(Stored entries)
● ● ● ● ●
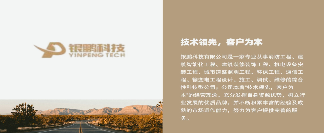 銀鵬科技有限公司是一家專業(yè)從事消防工程、建筑智能化工程、建筑裝修裝飾工程、機電設(shè)備安裝工程、城市道路照明工程、環(huán)保工程、通信工程、輸變電工程設(shè)計、施工、調(diào)試、維修的綜合性科技型公司。公司具有建設(shè)主管部門頒發(fā)的《建筑業(yè)企業(yè)資質(zhì)證書》:建筑裝修裝飾工程專業(yè)承包壹級、消防設(shè)施工程專業(yè)承包壹級、電子與智能化工程專業(yè)承包壹級、防水防腐保溫工程專業(yè)承包壹級、建筑機電安裝工程專業(yè)承包壹級資質(zhì)、通信工程總承包貳級、市政公用工程施工總承包貳級、建筑工程施工總承包貳級、古建筑工程專業(yè)承包貳級、機電工程施工總承包貳級、輸變電工程貳級、特種工程(特種防雷)專業(yè)承包不分等級、智能...
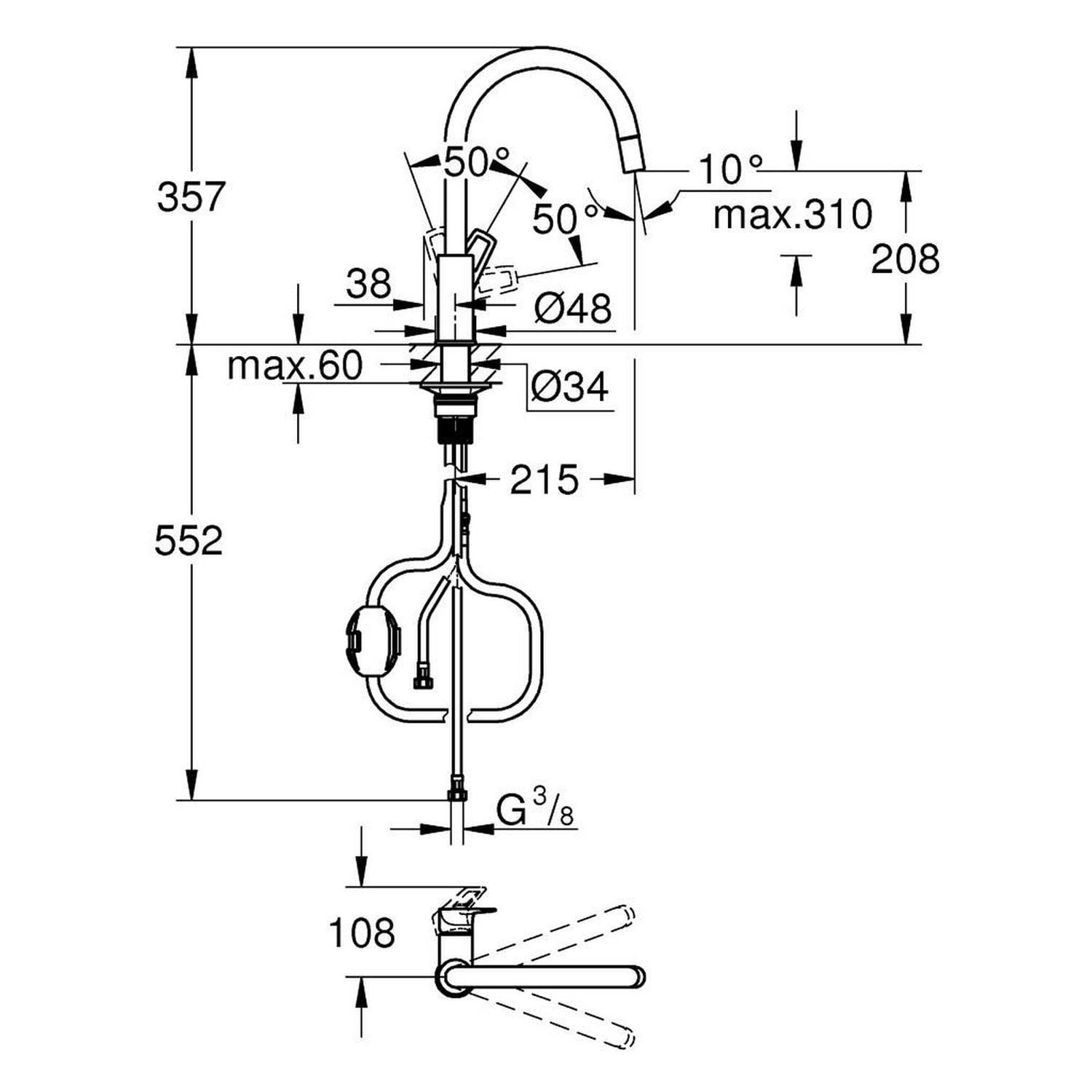 - schwenkbarer Rohrauslauf, Schwenkbereich 360°
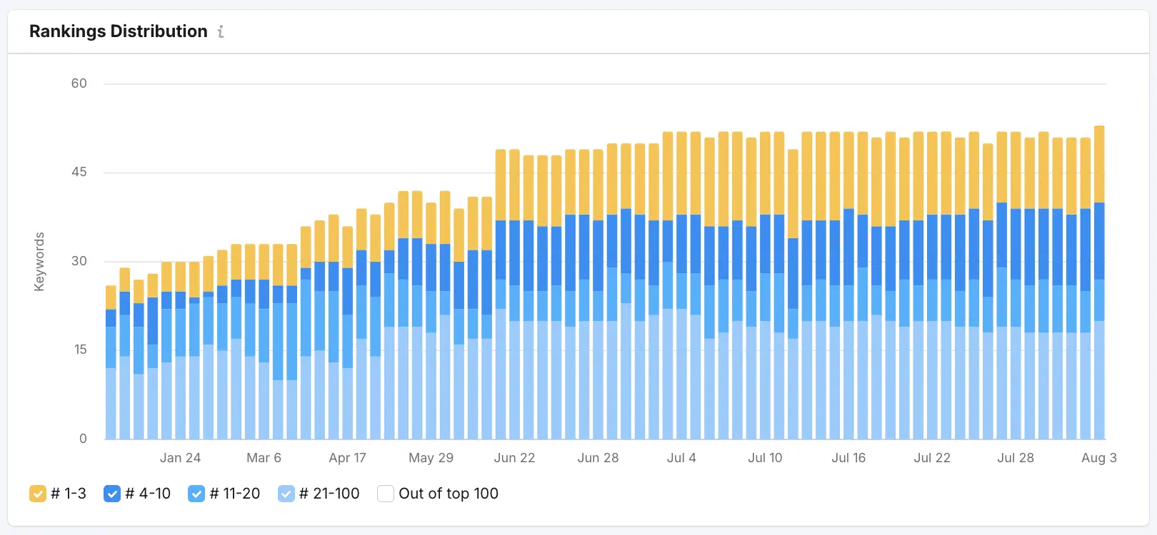 Additionally, 14 keywords rank in the top 3 positions, and 25 keywords are now on the first page of search results.
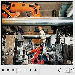 公司選擇是三臺(tái)庫(kù)卡機(jī)器人 KR 125,它們負(fù)責(zé)取出鑄件、噴灑鑄模及置入半固態(tài)鑄錠。通過(guò)機(jī)器人,DTC 將一個(gè)“普通”的鑄造間變成了一個(gè)全自動(dòng)生產(chǎn)平臺(tái)。由此,不但可以檢驗(yàn)包括了取出、冷卻及去除毛刺在內(nèi)的整個(gè)工藝流程的成批生產(chǎn)能力,在必要時(shí)還可以繼續(xù)進(jìn)行優(yōu)化。
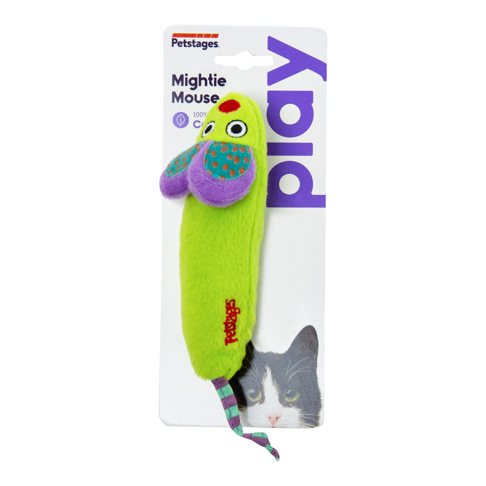 De Petstages Green Magic Mighty Mouse Groen is gevuld met een super kwaliteit Catnip met zeer sterke, lang houdende geur. Geen opvulmateriaal gebruikt.
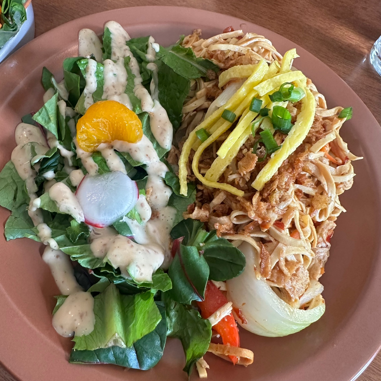 두부면, 닭가슴살, 양파, 파프리카, 당근, 유부, 계란지단, 어니언칩, 실파, 미니샐러드
● ● ● ● ●
■ **WHAT IS EXPECTED**: Set down every record exactly, without the pictures.

■ **ANSWER**:
 銀鵬科技有限公司是一家專業(yè)從事消防工程、建筑智能化工程、建筑裝修裝飾工程、機電設(shè)備安裝工程、城市道路照明工程、環(huán)保工程、通信工程、輸變電工程設(shè)計、施工、調(diào)試、維修的綜合性科技型公司。公司具有建設(shè)主管部門頒發(fā)的《建筑業(yè)企業(yè)資質(zhì)證書》:建筑裝修裝飾工程專業(yè)承包壹級、消防設(shè)施工程專業(yè)承包壹級、電子與智能化工程專業(yè)承包壹級、防水防腐保溫工程專業(yè)承包壹級、建筑機電安裝工程專業(yè)承包壹級資質(zhì)、通信工程總承包貳級、市政公用工程施工總承包貳級、建筑工程施工總承包貳級、古建筑工程專業(yè)承包貳級、機電工程施工總承包貳級、輸變電工程貳級、特種工程(特種防雷)專業(yè)承包不分等級、智能...
 - schwenkbarer Rohrauslauf, Schwenkbereich 360°
 Additionally, 14 keywords rank in the top 3 positions, and 25 keywords are now on the first page of search results.
 公司選擇是三臺(tái)庫(kù)卡機(jī)器人 KR 125,它們負(fù)責(zé)取出鑄件、噴灑鑄模及置入半固態(tài)鑄錠。通過(guò)機(jī)器人,DTC 將一個(gè)“普通”的鑄造間變成了一個(gè)全自動(dòng)生產(chǎn)平臺(tái)。由此,不但可以檢驗(yàn)包括了取出、冷卻及去除毛刺在內(nèi)的整個(gè)工藝流程的成批生產(chǎn)能力,在必要時(shí)還可以繼續(xù)進(jìn)行優(yōu)化。
 De Petstages Green Magic Mighty Mouse Groen is gevuld met een super kwaliteit Catnip met zeer sterke, lang houdende geur. Geen opvulmateriaal gebruikt.
 두부면, 닭가슴살, 양파, 파프리카, 당근, 유부, 계란지단, 어니언칩, 실파, 미니샐러드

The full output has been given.